Ian Cook is Associate Professor of Geography at the University of Exeter in the UK, and formerly senior lecturer in geography at the University of Birmingham, and lecturer at the University of Wales, Lampeter.

Background
BSc in Human Sciences, University College London, 1986; MA Human Geography, University of Kentucky 1992; PhD,  University of Bristol, 1997. His cultural geography PhD was highly autobiographical, and took several years to be awarded. He began his academic career at the University of Wales, Lampeter (1993-9), then worked at the University of Birmingham (1999-2007), before moving to Exeter in 2007.

Contributions
Geographies of commodification, particularly tracing the paths of reference to exotic fruit and fashion items.
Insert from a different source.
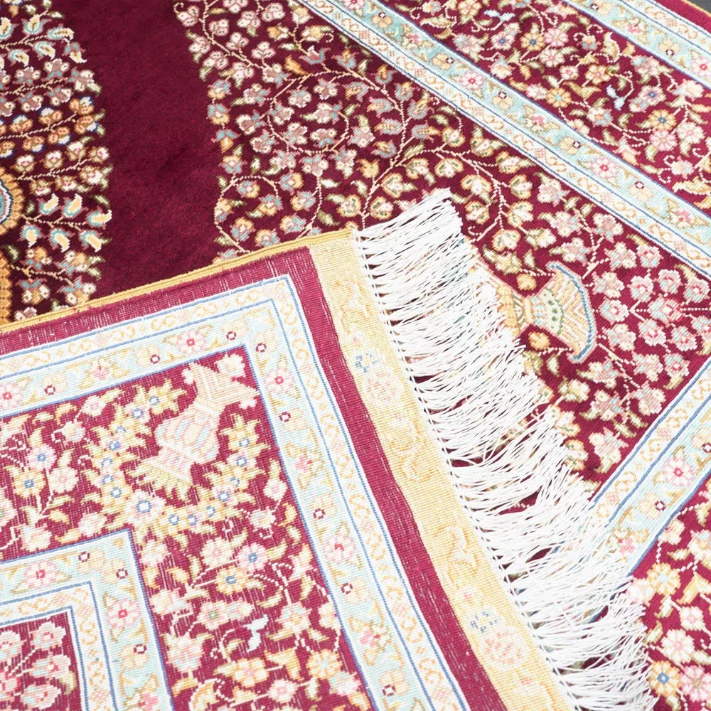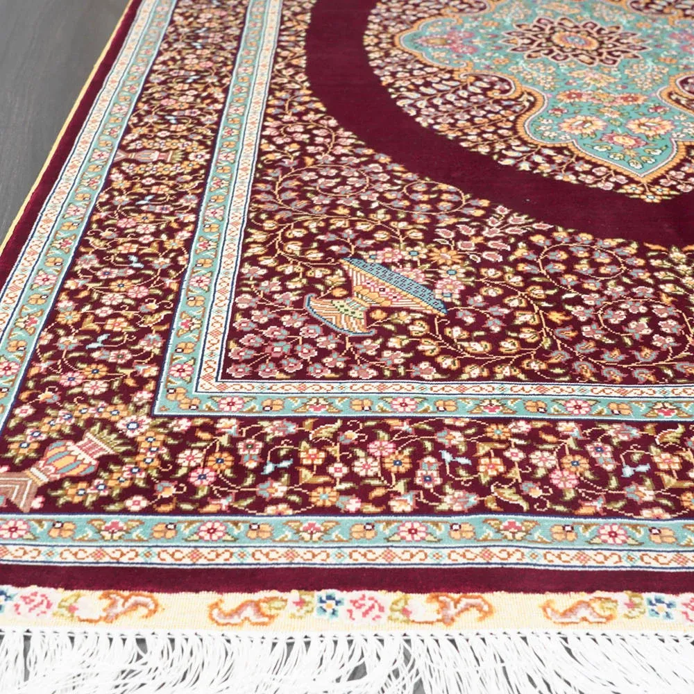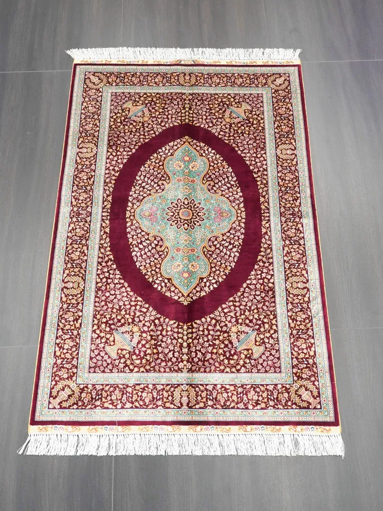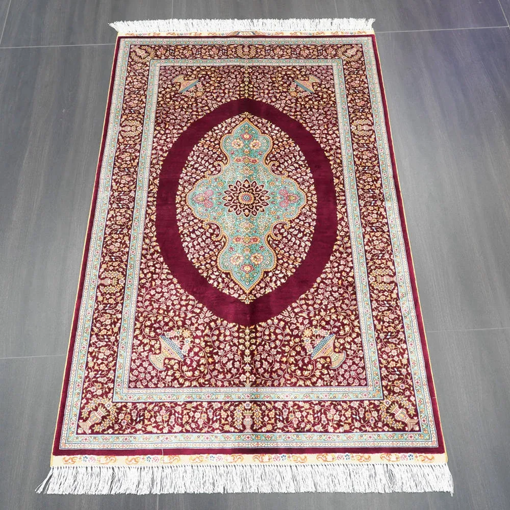 Handcrafted Turkish Silk Carpet for Bedroom & Living Room - Luxurious Red Design, 90x150cm, Perfect for Elegant Home Décor
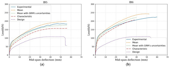 By applying these formulations, the flexural and shear design resistance of IB5 and IB6 were determined and included in Table 4. Considering the beam is simply supported (Figure 1), the design ultimate load, , was obtained, which is also included in this table.

Cook argues that commodities are connected to the home and bodies, but their origins are often overlooked; we should learn where commodities come from. Ethnographic methods of inquiry, and new media and blogging. He has written more widely on human geography, including one major textbook.

Publications 
Ian Cook and Mike Crang. 2007. Doing ethnographies. London: Sage.
Paul Cloke, Ian Cook, Philip Crang, Mark Goodwin, Joe Painter & Chris Philo. 2004. Practising human geographies. London: Sage
Ian Cook, Simon Naylor, James Ryan, David Crouch (eds.). 2000. Cultural turns / geographical turns: perspectives on cultural geography. Harlow, Longman.
 Ian Cook et al., 2004, Follow the Thing: Papaya, Antipode 36, 4: 642-664

See also
Lampeter Geography School

References

Living people
Alumni of the University of Bristol
Academics of the University of Birmingham
Academics of the University of Exeter
British geographers
Year of birth missing (living people)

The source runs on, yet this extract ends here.